# log legs, pics and questions inside.



## MidGAOutdoor (Apr 7, 2011)

so i posted awhile back about using small logs for table legs.

description of the pics in order hopefully.

the first is all the logs cut somewhat to length and i used a drawknife on them before i cut to remove the bark. thinking of using a wirecrush wheel or a flat disc very lightly to clean em up better?

next 2 pics are a expernent i did with some scraps for an apron for the table top. question is if i use thicker wood for the apron and plug all the screw holes with plugs (dowels cut off flush adter inserting in hole) do yall rekon it will look presentable? t

third picture is the inside of the corner. going to put a gussed in there so the log is sandwiched b/w the gussed and the corner and run a 2.5 inch lag screw in to really tie it all together. thats a given, definately gonna happen. 

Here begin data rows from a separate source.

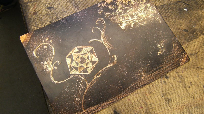 Since we only want a certain part of the copper plate to be removed by the acid, those areas that must remain un-etched are covered in what's called a resist, a wax-based material that is applied to the copper to form a ground, into which the image is drawn. We heated the plates slightly and applied the resist, then used a roller to get an even coating across the surface of the plate. It came out with only a slightly darker appearance due to the resist, so we smoked the resist to make more contrast between the ground and the drawing, which would make seeing our progress easier. To smoke the resist we lit a thick rope and held the plates overhead, allowing the smoke to deposit soot on the resist and darken it.
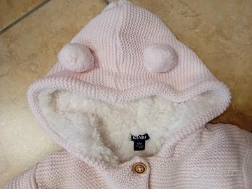 giacca con cappuccio con pelliccetta interna, colore rosa pallido. età 12 mesi
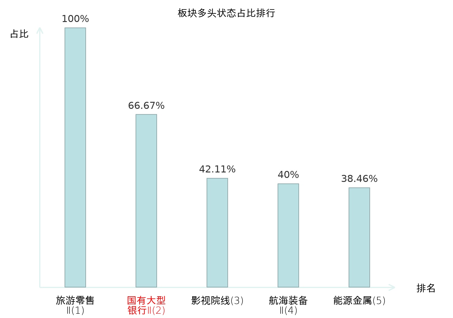全市场所有行业板块中主力多头状态占比排名中,旅游零售Ⅱ板块位居第一。林业Ⅱ板块名次提升最快,较昨日上升102位。
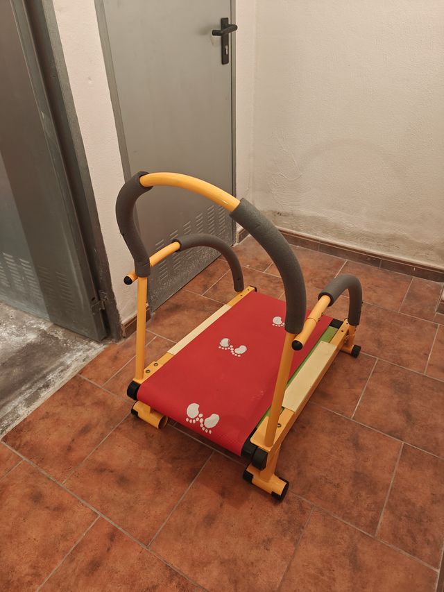 Cinta de andar para niños con diseño divertido. - Estructura de metal amarillo. - Superficie de rodadura roja con huellas. - Empuñaduras acolchadas.
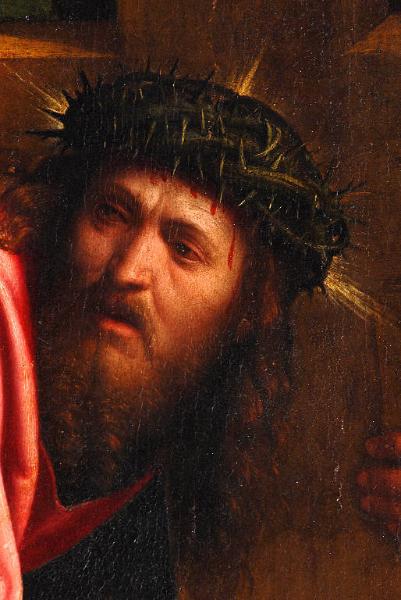 a Caduta Cristo sotto la croce è ambientata in un paesaggio. La tavola presenta riferimenti alle stampe del ciclo della Piccola Passione (1512) realizzato da Durer e dal medesimo soggetto affrescato dal Pordenone nel Duomo di Cremona. Callisto Piazza, rispetto al precedente intervento nella cappella con le Storie di san Giovanni Battista, riesce a infondere all'opera uno stile drammatico accentuato dall'affollamento delle figure in primo piano. Il nuovo linguaggio del pittore mette in luce la sua adesione alla "maniera" nelle muscolature insisitite, nei bagliori improvvisi di luce che rendono la consistenza delle stoffe, la lucentezza dei metalli degli elmi, delle spade e nel chiaroscuro accentuato, in modo particolare sulla veste e sul capo di Cristo, la cui espressione di sofferenza ben traduce questo nuovo clima. I colori diventano più smorzati, con modulazioni più cupe.

bear in mind that i have no log working tools other than a csm so i cant do all the nice stuff that i wanna do. if it doesnt look good, my brother has a fireplace:thumbsup:

the logs were left out for almost a year so they are hopefully dry. i am leaving them infront of a fan in a closed up shop that sits in the sun and has an asphalt shingle roof so it gets quite toasty inside with the door shut. they will be dry by the time i come back from my 2 day vaca... gurantee ya!


----------



## woodnthings (Jan 24, 2009)

*suggestion*

You've got a round leg in a square corner. Why not square up the leg on 2 sides at the top and as wide as the apron, so it fits into the corner nicely at 90 degrees. It would take a hand saw or bandsaw and some hand work, but it would make the structure a lot stronger and more "finished" looking.  bill


----------



## cabinetman (Jul 5, 2007)

You could square the tops on two surfaces with a handsaw very easily. For whatever tools you have, some could be used to create a strong attachment. For example you might consider the leg on the outside of the apron, which would require notching the top of the leg. It would be strong, and might add an interesting design detail.












 







.


----------